The mounds aren’t nests but the result of the termites’ excavations of a network of interconnected underground tunnels over thousands of years.

The tunneling has left huge quantities of soil deposited in approximately 200 million cone-shaped mounds that cover some 93,626 square miles (243,610 square kilometers).

“These mounds were formed by a single termite species that excavated a massive network of tunnels to allow them to access dead leaves to eat safely and directly from the forest floor. The amount of soil … represents one of the biggest structures built by a single insect species,” said Stephen Martin of the University of Salford in the United Kingdom in a statement.

“This is apparently the world’s most extensive bioengineering effort by a single insect species,” added Roy Funch of Universidade Estadual de Feira de Santana in Brazil. “Perhaps most exciting of all—the mounds are extremely old—up to 4,000 years, similar to the ages of the pyramids.”
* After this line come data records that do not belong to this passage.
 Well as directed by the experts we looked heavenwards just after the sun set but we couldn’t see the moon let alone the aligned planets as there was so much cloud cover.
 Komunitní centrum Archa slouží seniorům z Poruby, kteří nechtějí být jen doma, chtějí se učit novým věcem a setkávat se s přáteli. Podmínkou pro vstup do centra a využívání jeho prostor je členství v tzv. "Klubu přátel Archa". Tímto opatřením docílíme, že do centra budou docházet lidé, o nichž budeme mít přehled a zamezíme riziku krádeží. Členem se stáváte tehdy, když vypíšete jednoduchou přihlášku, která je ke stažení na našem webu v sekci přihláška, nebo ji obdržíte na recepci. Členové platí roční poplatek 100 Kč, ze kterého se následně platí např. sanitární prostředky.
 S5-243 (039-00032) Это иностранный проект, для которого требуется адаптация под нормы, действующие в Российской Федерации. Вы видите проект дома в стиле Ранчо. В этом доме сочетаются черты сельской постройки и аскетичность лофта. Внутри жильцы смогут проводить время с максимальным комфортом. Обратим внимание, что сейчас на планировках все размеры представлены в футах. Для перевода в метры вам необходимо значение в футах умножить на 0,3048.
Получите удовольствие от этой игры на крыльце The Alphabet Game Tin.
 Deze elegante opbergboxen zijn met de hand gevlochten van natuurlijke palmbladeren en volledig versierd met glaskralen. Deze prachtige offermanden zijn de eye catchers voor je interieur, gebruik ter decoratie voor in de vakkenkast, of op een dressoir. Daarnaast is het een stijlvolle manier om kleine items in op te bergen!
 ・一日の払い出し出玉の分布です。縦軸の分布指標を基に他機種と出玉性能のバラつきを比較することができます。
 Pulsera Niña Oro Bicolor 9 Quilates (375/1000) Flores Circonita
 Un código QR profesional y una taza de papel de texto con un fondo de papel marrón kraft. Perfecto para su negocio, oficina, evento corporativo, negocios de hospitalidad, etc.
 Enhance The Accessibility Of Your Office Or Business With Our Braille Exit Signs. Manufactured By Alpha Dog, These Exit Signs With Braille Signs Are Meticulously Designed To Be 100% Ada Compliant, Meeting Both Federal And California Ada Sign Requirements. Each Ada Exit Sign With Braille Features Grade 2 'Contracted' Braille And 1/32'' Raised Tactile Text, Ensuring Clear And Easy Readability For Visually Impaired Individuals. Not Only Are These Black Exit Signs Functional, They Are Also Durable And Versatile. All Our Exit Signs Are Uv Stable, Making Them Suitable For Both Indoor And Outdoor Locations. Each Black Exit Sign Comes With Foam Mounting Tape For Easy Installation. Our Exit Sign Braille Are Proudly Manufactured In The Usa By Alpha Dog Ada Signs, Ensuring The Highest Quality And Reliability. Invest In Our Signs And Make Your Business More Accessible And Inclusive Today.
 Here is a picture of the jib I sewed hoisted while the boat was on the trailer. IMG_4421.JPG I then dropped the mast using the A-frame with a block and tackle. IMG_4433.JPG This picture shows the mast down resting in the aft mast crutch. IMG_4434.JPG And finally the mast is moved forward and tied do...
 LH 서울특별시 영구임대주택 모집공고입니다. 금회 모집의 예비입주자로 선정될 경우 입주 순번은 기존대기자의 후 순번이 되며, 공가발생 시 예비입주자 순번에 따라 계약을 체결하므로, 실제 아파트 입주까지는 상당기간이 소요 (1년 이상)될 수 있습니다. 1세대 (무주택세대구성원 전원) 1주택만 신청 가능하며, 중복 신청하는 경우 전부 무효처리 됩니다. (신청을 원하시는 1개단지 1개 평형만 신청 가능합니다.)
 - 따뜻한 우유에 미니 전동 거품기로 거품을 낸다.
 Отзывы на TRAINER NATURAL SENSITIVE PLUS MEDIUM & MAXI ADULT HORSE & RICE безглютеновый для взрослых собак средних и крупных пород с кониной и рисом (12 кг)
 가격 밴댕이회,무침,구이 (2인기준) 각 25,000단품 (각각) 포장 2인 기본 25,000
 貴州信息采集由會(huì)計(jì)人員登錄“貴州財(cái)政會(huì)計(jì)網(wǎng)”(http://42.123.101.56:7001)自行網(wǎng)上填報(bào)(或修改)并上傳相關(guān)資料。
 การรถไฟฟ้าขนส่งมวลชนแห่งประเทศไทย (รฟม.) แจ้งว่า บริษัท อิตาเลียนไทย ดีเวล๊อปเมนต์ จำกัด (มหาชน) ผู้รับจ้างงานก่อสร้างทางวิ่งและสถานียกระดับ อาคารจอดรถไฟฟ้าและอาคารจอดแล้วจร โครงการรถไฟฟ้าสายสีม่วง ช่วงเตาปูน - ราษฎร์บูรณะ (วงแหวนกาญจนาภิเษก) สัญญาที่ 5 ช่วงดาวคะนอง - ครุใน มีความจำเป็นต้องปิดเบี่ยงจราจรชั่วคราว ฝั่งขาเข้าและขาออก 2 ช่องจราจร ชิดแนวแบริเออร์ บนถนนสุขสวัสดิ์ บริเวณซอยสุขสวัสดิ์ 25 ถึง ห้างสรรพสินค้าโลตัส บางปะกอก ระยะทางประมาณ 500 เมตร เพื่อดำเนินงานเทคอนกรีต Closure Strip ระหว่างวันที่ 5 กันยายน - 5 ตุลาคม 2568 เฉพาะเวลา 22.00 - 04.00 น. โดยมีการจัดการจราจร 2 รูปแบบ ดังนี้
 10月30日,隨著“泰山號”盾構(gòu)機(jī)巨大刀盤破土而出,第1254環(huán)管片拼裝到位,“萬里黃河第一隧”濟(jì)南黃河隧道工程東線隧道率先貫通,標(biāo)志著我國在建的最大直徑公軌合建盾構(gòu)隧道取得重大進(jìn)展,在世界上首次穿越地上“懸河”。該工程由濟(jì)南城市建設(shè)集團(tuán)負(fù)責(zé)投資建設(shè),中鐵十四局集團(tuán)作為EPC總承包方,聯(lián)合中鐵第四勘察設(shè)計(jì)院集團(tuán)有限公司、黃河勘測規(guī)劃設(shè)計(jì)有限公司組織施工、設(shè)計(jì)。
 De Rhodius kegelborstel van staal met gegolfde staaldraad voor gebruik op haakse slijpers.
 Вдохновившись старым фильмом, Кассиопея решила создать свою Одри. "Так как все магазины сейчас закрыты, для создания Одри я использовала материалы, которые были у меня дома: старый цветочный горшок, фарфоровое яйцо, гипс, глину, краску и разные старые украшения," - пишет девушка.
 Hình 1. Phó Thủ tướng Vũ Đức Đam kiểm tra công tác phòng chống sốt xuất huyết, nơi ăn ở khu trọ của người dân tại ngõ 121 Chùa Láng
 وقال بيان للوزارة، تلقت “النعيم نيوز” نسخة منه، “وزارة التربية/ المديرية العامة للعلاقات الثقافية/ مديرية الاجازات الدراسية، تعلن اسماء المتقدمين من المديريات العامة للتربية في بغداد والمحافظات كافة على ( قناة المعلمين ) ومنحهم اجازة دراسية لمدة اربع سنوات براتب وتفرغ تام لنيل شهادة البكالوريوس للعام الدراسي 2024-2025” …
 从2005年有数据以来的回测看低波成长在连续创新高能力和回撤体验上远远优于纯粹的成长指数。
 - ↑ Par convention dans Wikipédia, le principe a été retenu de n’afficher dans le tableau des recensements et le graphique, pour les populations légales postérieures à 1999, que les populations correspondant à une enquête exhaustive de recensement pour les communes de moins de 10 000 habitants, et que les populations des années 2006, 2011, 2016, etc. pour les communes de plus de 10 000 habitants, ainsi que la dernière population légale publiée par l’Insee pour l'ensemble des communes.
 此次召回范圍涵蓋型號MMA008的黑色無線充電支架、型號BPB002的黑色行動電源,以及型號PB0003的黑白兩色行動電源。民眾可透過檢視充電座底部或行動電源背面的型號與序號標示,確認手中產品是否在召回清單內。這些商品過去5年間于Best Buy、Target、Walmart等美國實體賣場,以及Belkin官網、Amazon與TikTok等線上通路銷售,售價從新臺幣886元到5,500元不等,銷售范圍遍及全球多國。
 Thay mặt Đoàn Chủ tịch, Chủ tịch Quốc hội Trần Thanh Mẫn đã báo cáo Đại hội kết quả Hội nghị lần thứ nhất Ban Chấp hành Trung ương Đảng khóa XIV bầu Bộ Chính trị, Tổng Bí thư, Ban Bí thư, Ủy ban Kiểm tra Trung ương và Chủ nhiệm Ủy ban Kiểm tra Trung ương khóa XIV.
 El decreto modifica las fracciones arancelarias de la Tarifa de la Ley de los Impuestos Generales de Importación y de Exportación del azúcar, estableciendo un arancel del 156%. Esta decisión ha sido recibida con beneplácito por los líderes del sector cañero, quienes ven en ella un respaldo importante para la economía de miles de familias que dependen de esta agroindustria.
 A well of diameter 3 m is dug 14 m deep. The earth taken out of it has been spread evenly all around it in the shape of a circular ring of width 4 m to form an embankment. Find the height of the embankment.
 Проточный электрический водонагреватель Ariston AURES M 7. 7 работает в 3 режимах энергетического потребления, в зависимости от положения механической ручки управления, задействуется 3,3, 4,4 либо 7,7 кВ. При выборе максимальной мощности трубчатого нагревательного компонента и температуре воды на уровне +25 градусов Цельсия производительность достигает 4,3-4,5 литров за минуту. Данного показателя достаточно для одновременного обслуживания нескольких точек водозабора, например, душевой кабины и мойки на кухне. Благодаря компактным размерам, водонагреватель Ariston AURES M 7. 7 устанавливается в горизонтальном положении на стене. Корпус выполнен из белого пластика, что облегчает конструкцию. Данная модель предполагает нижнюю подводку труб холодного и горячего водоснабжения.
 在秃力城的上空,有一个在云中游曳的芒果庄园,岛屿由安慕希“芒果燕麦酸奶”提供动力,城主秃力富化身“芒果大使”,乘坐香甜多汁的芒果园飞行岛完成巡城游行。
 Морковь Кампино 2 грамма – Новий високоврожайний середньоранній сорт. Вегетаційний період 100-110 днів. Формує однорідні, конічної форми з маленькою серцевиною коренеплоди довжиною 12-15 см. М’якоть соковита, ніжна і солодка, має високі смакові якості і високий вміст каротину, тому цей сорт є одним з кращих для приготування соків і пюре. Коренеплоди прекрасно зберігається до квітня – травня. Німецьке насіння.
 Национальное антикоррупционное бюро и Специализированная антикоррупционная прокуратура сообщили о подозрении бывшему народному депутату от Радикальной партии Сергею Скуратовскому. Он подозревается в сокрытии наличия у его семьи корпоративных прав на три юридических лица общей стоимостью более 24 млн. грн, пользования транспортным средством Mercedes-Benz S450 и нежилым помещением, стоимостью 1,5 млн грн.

On the ground, the mounds are largely hidden from view by forests in northeastern Brazil. They were discovered by scientists in recent decades when some of the forest area was cleared for pasture.

termite and termite queen
A termite queen (L), which is about 5 centimeters long and a termite king, about 1 centimeter long, are displayed by a worker of the Chongqing Termite Control Institute in Chongqing Municipality, China, on May 16, 2007. (China Photos/Getty Images)

Soil samples indicated that the mounts were created 690 to 3,820 years ago.

The researchers said the strangely regular spatial pattern of the mounds was not driven by competition but that the mound pattern arose through self-organization, positing that a pheromone map might allow the termites to take the fastest route to any location in the colony using the tunnels.

“We propose the mound pattern arose through self-organizational processes facilitated by the increased connectivity of the tunnel network, which is driven by the episodic leaf-fall in the caatinga,” the team wrote in the report.

“The spatial distribution of chemicals, such as alkene and alkadiene isomers, could create a pheromone map, allowing the termites to minimize their travel time from any location in the colony to the nearest waste mound. This vast permanent tunnel network allows safe access to a sporadic food supply,” the report continues.

“It’s incredible that, in this day and age, you can find an ‘unknown’ biological wonder of this sheer size and age still existing, with the occupants still present,” Martin said.

Researchers said further study on the mounds is warranted to answer more questions, such as how they’re physically structured since a queen chamber hasn’t been pinpointed.

Along with Martin and Funch, the report was authored by Paul Hanson of the Conservation and Survey Division at the School of Natural Resources at the University of Nebraska-Lincoln and Eun-Hye Yoo of the Department of Geography at the University at Buffalo, the State University of New York.